TestClass.java TestClass.java
public class TestClass {
public static void main(String[] args) {
addFloats((float) Math.pow(2.0, 24.0));
addFloats((float) Math.pow(2.0, 25.0));
}
private static void addFloats(float number) {
float f = 0.0f;
long startTime = System.currentTimeMillis();
while(true) {
f += 1.0f;
if (f >= number) {
System.out.println(f);
System.out.println(number + " took " + (System.currentTimeMillis() - startTime) + " msecs");
break;
}
}
}
}
This is because float
s have a minimum precision that can be represented, which decreased as the float
's value becomes larger. 这是因为
float
s具有可以表示的最小精度,随着float
值变大而减小。 Somewhere between 2^24 and 2^25, adding one is no longer enough to change the value to the next largest representable number. 在2 ^ 24和2 ^ 25之间的某处,添加一个不再足以将值更改为下一个可表示的最大数字。 At that point, every time through the loop,
f
just keeps the same value, since f += 1.0f
no longer changes it. 此时,每次循环时,
f
只保持相同的值,因为f += 1.0f
不再改变它。
If you change your loop to this: 如果您将循环更改为:
while(true) {
float newF = f + 1.0f;
if(newF == f) System.out.println(newF);
f += 1.0f;
if (f >= number) {
System.out.println(f);
System.out.println(number + " took " + (System.currentTimeMillis() - startTime) + " msecs");
break;
}
}
You can see this happening. 你可以看到这种情况发生。 It seems as though it stops increasing as soon as
f
reaches 2^24. 一旦
f
达到2 ^ 24,它似乎就会停止增加。
The output of the above code will be an endless number of "1.6777216E7" if you run it with 2^25. 如果你用2 ^ 25运行它,上面代码的输出将是无穷无尽的“1.6777216E7”。

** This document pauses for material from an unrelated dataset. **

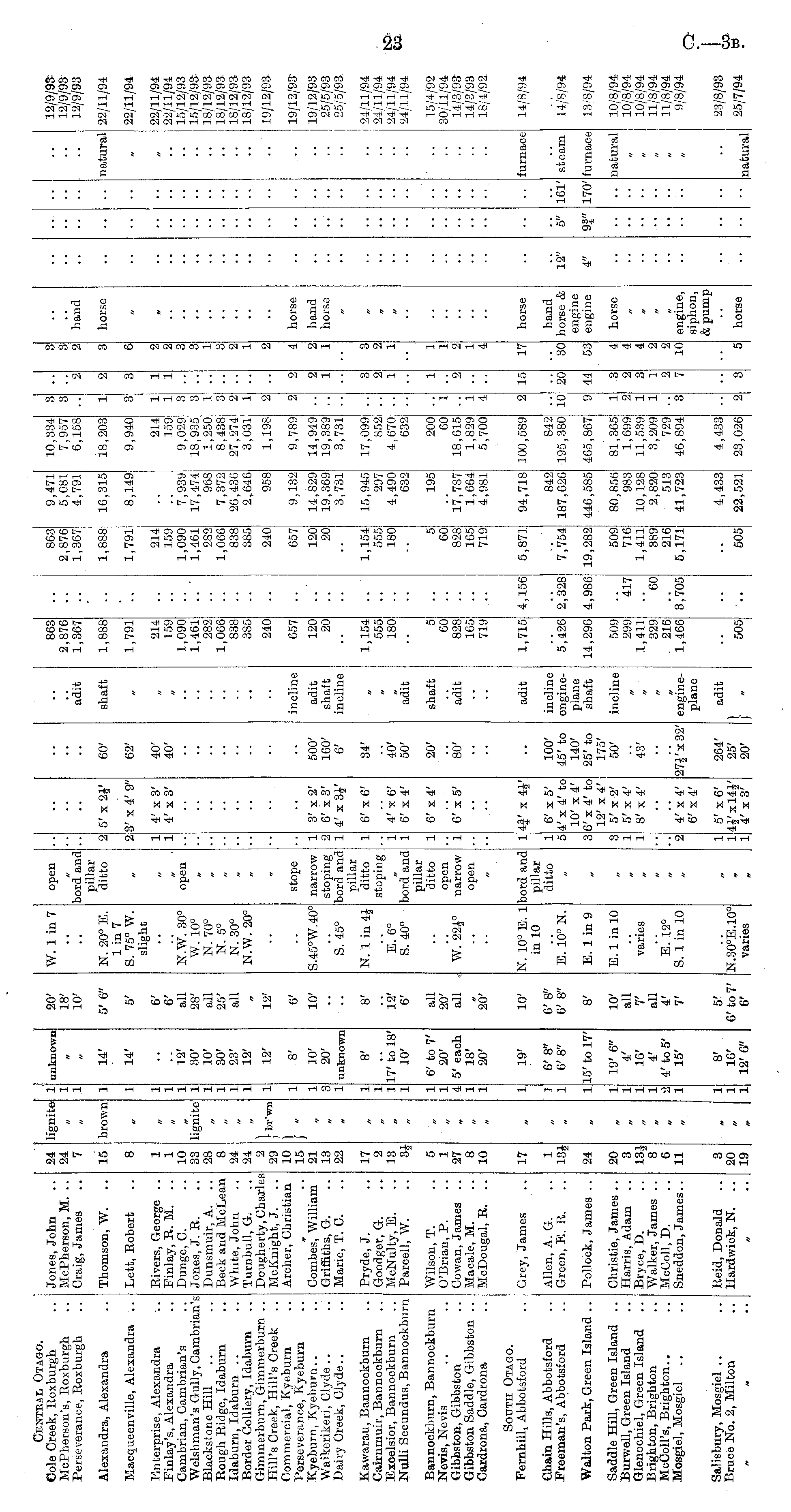 Central Otago. Cole Creek, Roxburgh McPherson's, Roxburgh Perseverance, Roxburgh Jones, John McPherson, M. .. Craig, James 24 24 7 lignite 1 1 1 nnlmown • 20' 18' 10' W. 1 in 7 open ■■ •• adit 863 2,876 1,367 863 2,876 1,367 9,471 5,081 4,791 10,334 7,957 6,158 3 3 'I 2 3 3 2 •• hand •• 12/9/93 12/9/93 12/9/93 15 brown 14' 5' 6" N. 20° E. 1 in 7 S. 75° W. slight bord and pillar ditto j 5' x 2J' 60' shaft 1,888 1,888 16,315 18,203 ■" 1 horse natural 22/11/94 Alexandra, Alexandra Thomson, W. Maequeeiiville, Alexandra .. Lett, Robert 8 14' 5' 3' x 4' 9" 62' 1,791 1,791 8,149 9,940 22/11/94 7'lnterprise, Alexandra Finlay's, Alexandra Cambrian, Cambrian's Welshman's Gully, Cambrian's Blackstone Hill Rough Ridge, Idaburn Idaburn, Idaburn Border Colliery, Idaburn Gimmerburn, Gimmerburn .. Hill's Creek, Hill's Greek .. Commercial, Kyeburn Perseverance, Kyeburn Kyeburn, Kyeburn Waikerikeri, Clyde Dairy Creek, Clyde.. Rivers, George .. Finlay, R. M. .. Dunge, C. Jones, J. R. Dunsmuir, A. Beck and McLean White, John Turn bull, G. Dougherty, Charles McKnight, J. Archer, Christian 1 1 10 33 28 8 24 24 2 29 10 15 21 13 22 lignite " 1 1 1 1 1 1 1 i 12' 30' 10' 30' 23' 12' 6' 6' all 28' all 25' all N.W. 30° W. 10° N. 70° N. 5° N. 30° N.W. 20° open 1 1 4' x 3' 4' x3' 40' 40' 214 159 1,090 1,461 282 1,066 838 385 •• 214 159 1,090 1,461 282 1,066! 838 385| 7,939 17,474 968 7,372 26,436 2,646 214 159 9,029 18,935 1,250 8,438 27,274 3,031 1 1 3 3 1 3 2 1 1 1 2 2 3 3 1 3 2 1 I .. 22/11/94 22/11/94 15/12/93 15/12/93 18/12/93 18/12/93 18/12/93 18/12/93 r br'wn 1 19' i 12' 240 240 958> 1,198 2 2 19/12/93 1" I 1 8' 6' stope incline 657 657 9,132 9,789 2 4 horse I 19/12/93Combes, William Griffiths, G. Marie, T. C. •■ 1 3 1 10' 20' unknown 10' S.45°W.40° S.'45° narrow stoping bord and pillar ditto stoping 1 2 1 3'x2' 6' x 3' 4' x 3J' 500' 160' 6' adit shaft incline 120 20 120 20 14,829 19,369 3,731 14,949 19,389 3,731 2 1 2 1 hand horsa .. ! 19/12/93 25/5/93 25/5/93 .. Kawarau, Bannockburn Cairnmuir, Bannockburn lijxoelsior, Bannockburn Nulli Secundus, Bannockburn Pryde, J. Goodger, G. McNulty, E. Parcel], W. 17 2 13 34 1 1 1 1 8' 17' to 18' 10' 8' 12' 6' N. 1 in 4J E. 6° S. 40° 1 1 6' x6' 4' x6' 6' x4' 34' 40' 50' 1,154 555 180 1,154 555 180 15,945 297 4,490 632 17,099; 852 4,670 632 3 2 1 3 2 1 24/11/94 24/11/94 24/11/94 24/11/94 bord and pillar ditto open narrow open adit Bannocklmrn, Bannockburn Nevis, Nevis Gibbston, Gibbston Gibbston Saddle, Gibbston .. Cardrona, Cardrona Wilson, T. O'Brian, P. Cowan, James .. Macale, M. McDougal, R. .. 5 1 27 8 10 1 1 4 1 1 6' to 7' 20' 5' each 18' 20' all 20' all W.'22J° 1 1 6' x4' 6' x 5' 20' 80' shaft adit 5 60 828 165 719 5 60 828 165| 719 195 17,787 1,664 4,981 200 60 18,615 1,829 5,700 1 1 4 1 '2 1 1 2 1 4 15/4/92 30/il/94 14/3/93 14/3/93 18/4/92 20' South Otago. Pernhill, Abbotsford Grey, James 19' 10' N. 10° E. 1 in 10 bord and pillar ditto 4f' x 4J' adit 1,715 4,156 5,871 94,718 100,589 horse furnace 14/8/94 17 15 17 Chain Hills, Abbotsford Freeman's, Abbotsford Allen, A. G. Green, E. R. 1 13i 1 1 6'8" 6'8" 6'8" 6' 8" E. 10° N. 1 5 6' x 5' 4' x 4' to 10' x 4' 6' x 4' to 12' x 4' 5' x2' 5'x4' 8' x 4' 100' 45' to 140' 25' to 175' 50' incline engineplane shaft 5,426 2,328 7,754 842 187,626 842 195,380 io 20 '30 hand horse & engine engine 12'' 5" 161' steam 14/8/9* Walton Park, Green Island .. Pollock, James .. 24 15' to 17' 8' E. 1 in 9 14,296 4,986 19,282 446,585 465,867 9 a 53 4" 9|" 170' furnace 13'8/94 Saddle Hill, Green Island .. Burwell, Green Island Glenoohiel, Green Island Brighton, Brighton McColl's, Brighton.. Mosgiel, Mosgiel Christie, James .. Harris, Adam Bryce, D. Walker, James .. McColl.D. Sneddon, James.. 20 3 8 6 11 1 1 1 1 1 19' 6" 4' 16' 4' 4' to 5' 15' 10' all 7' all 4' 7' E. 1 in 10 3 1 1 incline 509 299 1,411 329 216 1,466 '417 509 716 1,411 389 216 5,171 80,856 983 10,128 2,820 513 41,723 81,365 1,699 11,539 3,209 729 46,894 1 2 1 3 2 3 1 2 7 4 4 4 2 2 10 horse natural 10/8/94 10/8/94 10/8/94 11/8/94 11/8/94 9/8/94 varies 43' " E. 12° S. 1 in 10 60 '/ ! 2 4' x 4' 6' x 4' 27J'x32' engineplane 3,705 3 engine, siphon, &pump " Salisbury, Mosgiel Bruce No. 2, Milton Reid, Donald Hardwick, N. 3 19 1 1 1 8' 16' 12' 6" 5' 6'to 7' 6' N.30°E.10° varies 1 1 5' x 6' 4J'xl4J' I 4' x 3' 264' 25' 20' adit 4,433 4,433 23/8/93 •1 ■• } ' 505 .. 505 22,521 23,026 2 3 5 horse natural 25/7/94 .. I , I I . I

You can test this value by using the Math.nextAfter
function , which tells you the next representable value. 您可以使用
Math.nextAfter
函数测试此值,该函数告诉您下一个可表示的值。 If you try running this code: 如果您尝试运行此代码:
float value = (float)Math.pow(2.0, 24.0);
System.out.println(Math.nextAfter(value, Float.MAX_VALUE) - value);
you can see that the next representable value after 2^24 is 2^24 + 2. 你可以看到2 ^ 24之后的下一个可表示的值是2 ^ 24 + 2。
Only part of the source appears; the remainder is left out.